Himes dismisses the skepticism about the use case for a CBDC by comparing the digital currency ecosystem of today to the internet of the 1990s, which was born out of the military research agency DARPA.

“With innovation, oftentimes the amazing uses are not not immediately visible,” Himes told American Banker. “The tradition of the public sector, the government, doing what it does best, and letting the private sector build on top of it, I actually think is a really good model for CBDC.”

The Fed has remained neutral on whether it would prefer to see a CBDC implemented. Even Brainard’s most recent comments — in which she warned that not creating a government-backed digital currency runs the risk of digital payments being cornered by private entities — stopped short of a full endorsement. Other Fed officials are opposed to the idea — Gov. Christopher Waller called a CBDC a “solution in search of a problem.”

Still, the Fed has continued to study the implications of a digital dollar through its Project Hamilton initiative, a joint effort between the Federal Reserve Bank of Boston and the Massachusetts Institute of Technology. 

Himes said the Fed is wise to stay up to speed on the topic of CBDCs without getting ahead of Congress. He noted that it could take an exogenous event to motivate his colleagues to pass authorizing legislation on the matter — which he said he is working on drafting — but he noted that sentiments on this matter are evolving rapidly.

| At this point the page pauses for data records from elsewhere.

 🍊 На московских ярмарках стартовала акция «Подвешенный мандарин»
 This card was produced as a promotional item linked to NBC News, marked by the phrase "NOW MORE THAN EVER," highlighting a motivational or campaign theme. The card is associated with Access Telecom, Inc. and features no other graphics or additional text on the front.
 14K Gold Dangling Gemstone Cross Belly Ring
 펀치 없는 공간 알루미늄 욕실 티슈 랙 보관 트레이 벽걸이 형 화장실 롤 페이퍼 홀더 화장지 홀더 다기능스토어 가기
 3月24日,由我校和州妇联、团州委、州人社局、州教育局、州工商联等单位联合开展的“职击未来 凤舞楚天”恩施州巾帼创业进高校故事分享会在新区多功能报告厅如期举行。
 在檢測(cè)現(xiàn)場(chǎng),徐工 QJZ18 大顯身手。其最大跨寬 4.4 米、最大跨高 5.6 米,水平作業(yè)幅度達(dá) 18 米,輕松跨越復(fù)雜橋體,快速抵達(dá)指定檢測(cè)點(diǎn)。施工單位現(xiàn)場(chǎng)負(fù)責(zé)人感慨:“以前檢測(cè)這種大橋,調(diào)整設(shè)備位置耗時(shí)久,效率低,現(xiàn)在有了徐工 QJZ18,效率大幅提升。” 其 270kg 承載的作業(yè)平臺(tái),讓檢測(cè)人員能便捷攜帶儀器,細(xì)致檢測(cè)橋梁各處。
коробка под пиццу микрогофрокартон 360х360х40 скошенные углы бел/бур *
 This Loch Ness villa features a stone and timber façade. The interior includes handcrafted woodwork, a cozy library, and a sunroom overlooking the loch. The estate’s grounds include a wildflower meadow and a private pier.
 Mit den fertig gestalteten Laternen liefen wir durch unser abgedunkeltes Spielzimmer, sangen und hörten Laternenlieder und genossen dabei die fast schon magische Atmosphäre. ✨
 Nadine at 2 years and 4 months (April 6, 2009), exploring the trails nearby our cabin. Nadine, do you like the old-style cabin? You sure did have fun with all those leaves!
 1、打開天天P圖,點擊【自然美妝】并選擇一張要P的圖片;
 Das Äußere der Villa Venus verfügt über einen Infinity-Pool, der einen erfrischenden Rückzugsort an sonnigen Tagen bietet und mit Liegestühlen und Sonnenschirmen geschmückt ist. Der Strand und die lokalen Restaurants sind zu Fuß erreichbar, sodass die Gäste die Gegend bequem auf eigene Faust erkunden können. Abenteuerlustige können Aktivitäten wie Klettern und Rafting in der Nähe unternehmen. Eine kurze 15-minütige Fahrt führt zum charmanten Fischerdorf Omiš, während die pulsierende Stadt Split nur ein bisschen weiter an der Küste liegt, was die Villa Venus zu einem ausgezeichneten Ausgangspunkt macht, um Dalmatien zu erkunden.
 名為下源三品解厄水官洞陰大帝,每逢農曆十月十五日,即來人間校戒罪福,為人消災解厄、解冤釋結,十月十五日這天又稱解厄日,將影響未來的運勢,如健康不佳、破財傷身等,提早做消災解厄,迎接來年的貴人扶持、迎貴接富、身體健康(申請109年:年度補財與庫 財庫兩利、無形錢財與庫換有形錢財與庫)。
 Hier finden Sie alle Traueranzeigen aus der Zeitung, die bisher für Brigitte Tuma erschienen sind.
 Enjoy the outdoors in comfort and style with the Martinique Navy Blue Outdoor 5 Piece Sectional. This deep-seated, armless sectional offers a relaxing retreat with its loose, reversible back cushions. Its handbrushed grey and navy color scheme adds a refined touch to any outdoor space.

“If the U.K. or the EU or Japan suddenly announces a CBDC with all kinds of investment innovation happening, that would be a kick in the pants for the Congress,” Himes said. “But in the meantime, remember that five years ago, very few people in Congress had any idea what a cryptocurrency was. We've made a lot of progress, and I think we need to continue to educate and contemplate these issues.”